Using conduit for chases is the way to go. Nothing wrong with providing "serviceability"I  would use the highest grade pipe insulation, also see if it can be bought in longer lengths. Spray foam is the way to go though. Not certain what the beads R value would work out to be. Box in your tanks and do a pour.

Will


----------



## Frozen Canuck (Apr 4, 2011)

I would avoid trying this one out just to see if it works for the following reasons: Just to name a few!

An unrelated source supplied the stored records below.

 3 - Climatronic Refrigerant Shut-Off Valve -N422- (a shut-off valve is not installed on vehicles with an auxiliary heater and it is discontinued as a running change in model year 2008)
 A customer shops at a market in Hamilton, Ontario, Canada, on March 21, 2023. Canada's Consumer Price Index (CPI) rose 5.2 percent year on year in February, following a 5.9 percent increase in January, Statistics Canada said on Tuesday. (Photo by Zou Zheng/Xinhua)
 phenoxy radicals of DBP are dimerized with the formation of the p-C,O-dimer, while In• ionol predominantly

Styrofoam "beads" will be smooth & therefore take strength away from the concrete mix rather than add to it or have a neutral effect on psi strength of concrete, poor bond with any aggregate = less strength. If a large amount of foam is added you may wind up with a product no stronger than compressed earth. If so I suggest staying with the earth.
You will gain little or no R value from beads in concrete as it is not as described continuos insulation, only intermittent & therefore usless.
The concrete truck(s) will likely be contaminated with foam beads that will remain in the mixer after your job is done & contaminate future loads resulting in them being refused at any commercial/industrial job until the contaminate has been removed. I don't think the manager has thought it through past your experiment, as any engineered job has a rep on site during structural pours & those beads will be noticed. Removing them involves a jack hammer, a sandblaster & many hours of labor, unless you have several hundred gallons of water on site & they are willng to float out all the foam before it bonds to the inside of the drum.
Have you determined whether the beads are compatible with the concrete mix? If they react they will likely melt & possibly off gas. Not a good thing.
Have you determined whether the beads will react when heated? If you intend to use them as insulation around your storage tanks, again they could melt & off gas depending on what type of foam they are.

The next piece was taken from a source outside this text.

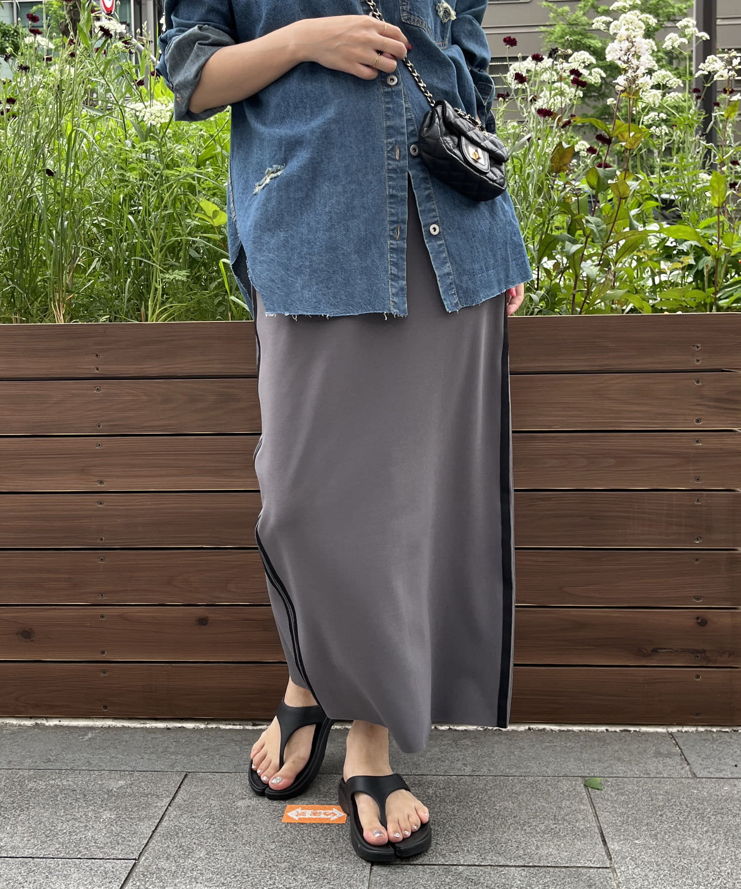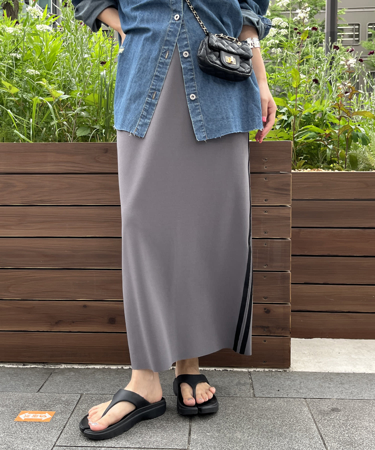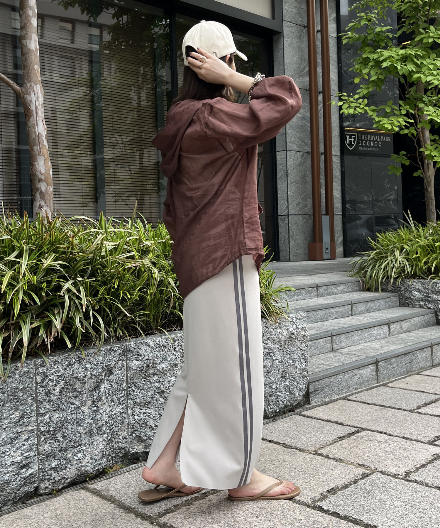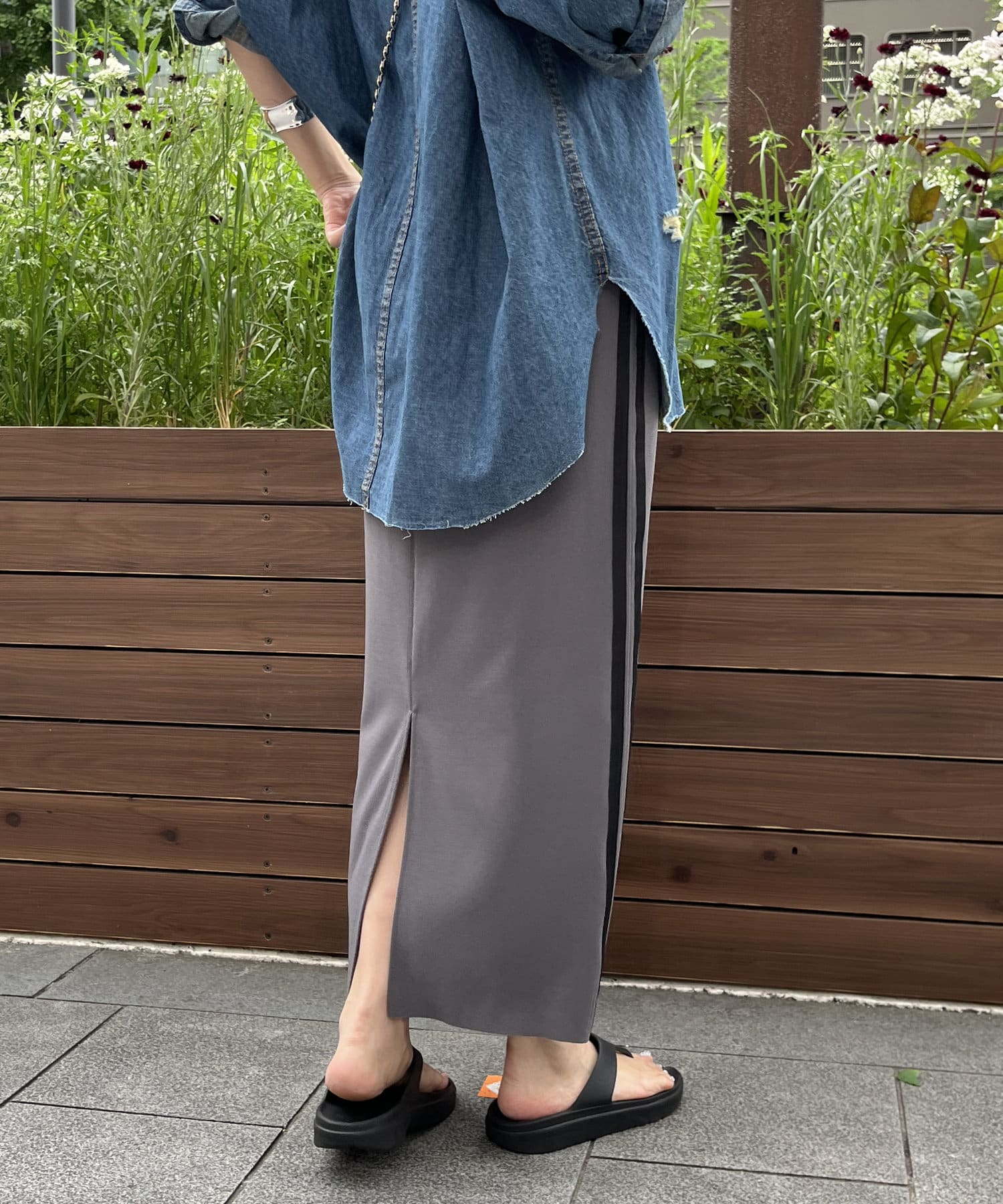 大人っぽいIラインのスカートにラインデザインを施しました。

Honestly I see no upside to this, just lots of potential downside on expensive load(s) of concrete. 

If it were me I would pass, let someone else be the canary in the coalmine.


----------



## Duetech (Apr 4, 2011)

Unless the concrete/foambead mix is in a water proof casing it will absorb moisture and become a thermal conductor. Infra red is one way heat is lost from your lines as well. Thick spray foam is rather successful  in IR transfer though not perfect. There are rolled IR reflective products that claim 90% containment of IR that should go around your conduits before installing your conduit into the ground with either foam or concrete if you want a real good thermal barrier. Foam is a "way" better insulator than the concrete mix though.


----------



## pwschiller (Apr 4, 2011)

I find it a rather irritating when people don't fully read your original posting or bother to read the links provided, but then try to shoot holes through everything. I appreciate constructive feedback - things to consider that perhaps I haven't yet, but what I was really looking for was someone who has worked with foam-bead-crete.



			
				Frozen Canuck said:
			
		

> Styrofoam "beads" will be smooth & therefore take strength away from the concrete mix rather than add to it or have a neutral effect on psi strength of concrete, poor bond with any aggregate = less strength. If a large amount of foam is added you may wind up with a product no stronger than compressed earth.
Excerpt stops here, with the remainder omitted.